Baseline levels of indoles and their ratios did not significantly correlate with changes in symptoms for any measure or item (all rs < 0.15, ps > 0.59). Comparison of categorical response outcomes also showed no meaningful differences in baseline indole abundances or ratios. These analyses indicate that pre-treatment indole compound abundances are not predictive of eventual treatment outcomes.
Treatment-specific effects
Exposure to CBT or medication (i.e., regardless of outcome) was associated with differential changes in indole measures. Medication-treated patients demonstrated increases in IPA (FC = 1.28, p = 0.005) and ILA (FC = 1.09, p = 0.007) and decreases in the IAA/IS ratio (FC = 0.95, p = 0.035) and IAA/IPA ratio (FC = 0.91, p = 0.002). In contrast, CBT-treated patients had an increase in the IAA/IPA ratio (FC = 1.56, p = 0.030).

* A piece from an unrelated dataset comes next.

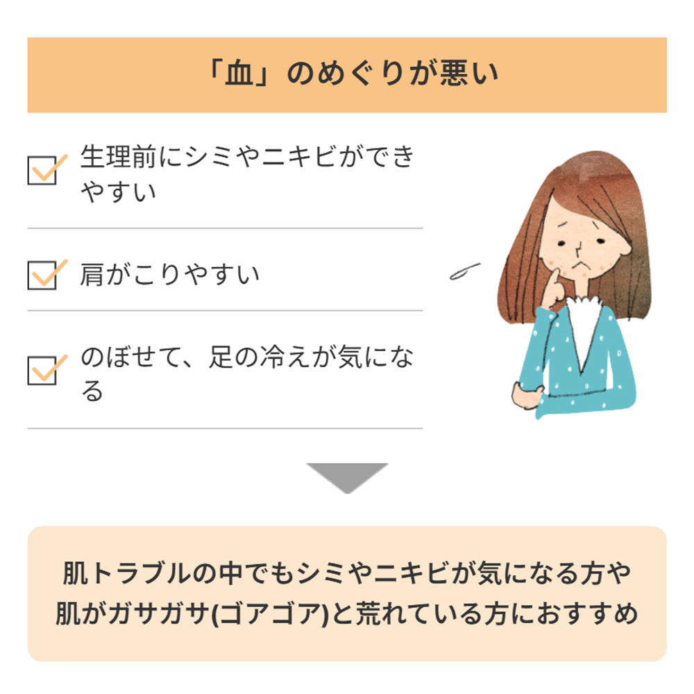 ●のぼせや冷えを伴う月経不順、しみ、にきびなどの症状がある方に

No baseline indole measures emerged as statistically significant moderators to predict differential outcomes for the two treatments. There were also no statistically significant differences between treatments in terms of the strength of the correlations between changes in rating scale scores and individual symptom items with changes in indole measures (all p > 0.19). However, examining the within-treatment categorical outcomes found that remitters to medication had a significant increase in IPA (FC = 1.32, p = 0.005) and decrease in ILA/IPA (FC = 0.78, p = 0.049), whereas remitters to CBT had a significant decrease in IPA/IS (FC = 0.54, p = 0.049).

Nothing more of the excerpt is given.